De gasbelasting is ook een Pigouviaanse belasting (een belasting op activiteiten of items die negatieve effecten kunnen hebben op anderen), met zijn eigen voor- en nadelen. Brandstofbelastingen zijn bedoeld om de kosten van het weggebruik en de gevolgen voor het milieu te dekken.
Tarieven
Tarieven zijn accijnzen die worden geheven bij invoer. Ze zijn regressief omdat ze de prijs van goederen en diensten verhogen.Om de prijs van de belasting te dekken, moeten detailhandelaren de prijzen die ze aanrekenen verhogen, waardoor de belasting effectief wordt doorberekend aan de consumenten. De Verenigde Staten leggen tarieven op voor voedsel, gefabriceerde goederen, chemicaliën en kleding. Het ziet af van invoerrechten uit landen waarmee het vrijhandelsovereenkomsten heeft gesloten.
Toegevoegde waarde Belasting
De belasting over de toegevoegde waarde (btw) is een speciale vorm van accijnzen die in de VS niet wordt gebruikt. Ze wordt op nationaal niveau geïnitieerd en door bedrijven aan consumenten doorgegeven. Het is populair in de Europese Unie en andere landen, maar de VS kunnen het misschien niet laten werken omdat het in de plaats zou komen van de staatsbelastingen op de verkoop – die niet eenvoudig te vervangen zijn door een uniforme belasting.
Gebruikersvergoeding
Een gebruiksvergoeding is een overheidstoeslag voor het gebruik van openbare faciliteiten of diensten. Staten brengen een vergoeding in rekening voor het rijden op tolwegen. De National Park Service brengt toegang tot zijn faciliteiten in rekening. Sommige staten rekenen gevangenen vergoedingen voor gezondheidszorg.

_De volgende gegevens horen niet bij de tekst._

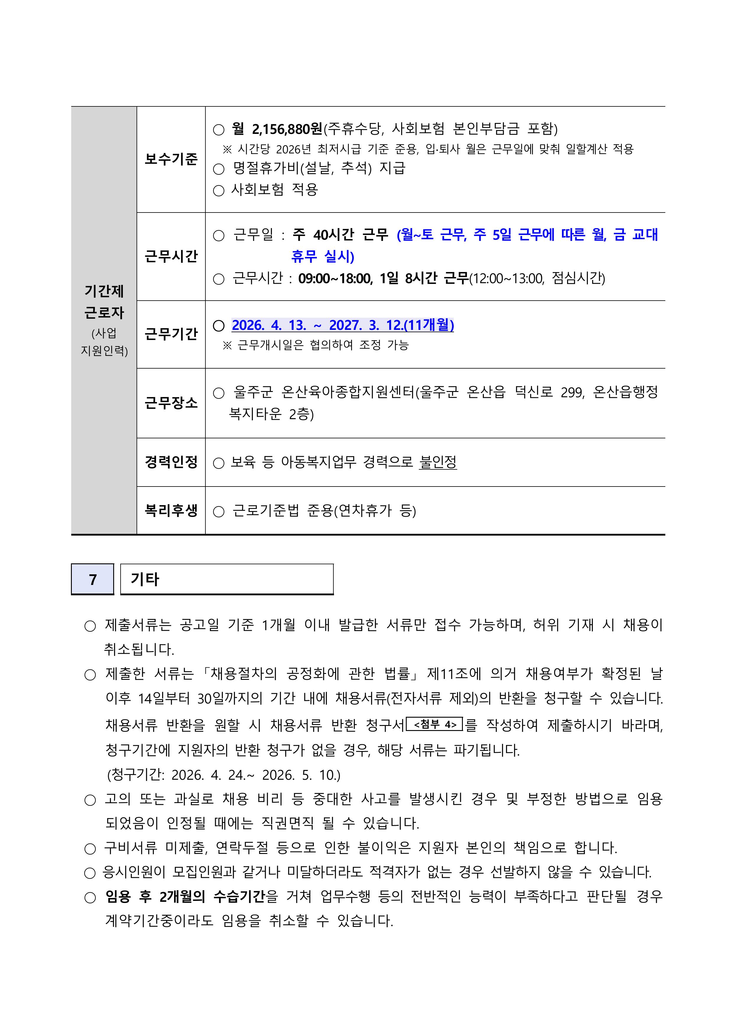 2026-5 직원(울주군 시간제보육교사, 미화원, 온산 지원인력) 채용 공고.pdf

Steden vragen toegang tot gemeentelijke golfbanen en tennisfaciliteiten. Ze brengen ook kosten in rekening voor diensten zoals bouwvergunningen, voertuigregistratie, inspectiekosten en bestemmingshoorzittingen. Dit is een politiek aanvaardbare manier om inkomsten te genereren zonder de belastingtarieven te verhogen. Gebruikerskosten zijn regressief omdat ze een groter percentage van lage inkomens voor hun rekening nemen.

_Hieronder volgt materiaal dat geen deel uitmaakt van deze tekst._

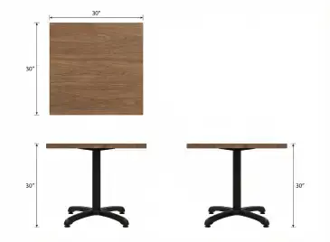 Clean square tabletop geometry provides balanced dining proportions for compact seating layouts.

Elke andere belasting die rijke individuen een voordeel oplevert, is regressief.
Loonbelasting
Medicare en socialezekerheidsbelastingen zijn loonheffingen die ook gezamenlijk bekend staan als FICA-belastingen (Federal Insurance Contributions Act) . Op een bepaald inkomensniveau wordt de inhouding voor sociale zekerheid afgetopt, maar er is geen limiet voor de inkomsten voor de Medicare-belasting, die 1,45% van het inkomen is. Werknemers betalen 6,2% van hun inkomen, tot de limiet van $ 137.700 in 2020 en $ 142.800 in 2021, voor de socialezekerheidsbelasting.

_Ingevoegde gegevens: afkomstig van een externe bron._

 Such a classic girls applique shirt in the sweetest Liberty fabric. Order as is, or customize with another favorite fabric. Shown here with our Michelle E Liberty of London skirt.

Zodra een werknemer meer verdient dan dat bedrag, hoeven ze geen socialezekerheidsbelasting meer te betalen voor het jaar. Als een werknemer met een hoog inkomen bijvoorbeeld de limiet tegen eind september heeft verdiend, hoeven ze voor de rest van de periode geen loonbelasting meer te betalen. het jaar – in tegenstelling tot een werknemer die $ 50.000 verdient, die het hele jaar door betaalt.
De Affordable Care Act heeft een Medicare van 0,9% ingesteld. belasting voor mensen met een hoog inkomen: degenen die meer dan $ 200.000 verdienen, voor individuele indieners, of $ 250.000, voor gehuwde paren die gezamenlijk een aanvraag indienen. Dat komt bovenop de normale 1.45% Medicare-belasting.
Vaste belasting
Een vlaktaks is een alternatieve inkomstenbelasting die hetzelfde tarief toepast op elk inkomensniveau. Technisch gezien is het geen regressieve belasting omdat het tarief hetzelfde is. Maar het legt een grotere last op voor gezinnen met een lager inkomen – ze verminderen uiteindelijk hun basisuitgaven om het te betalen.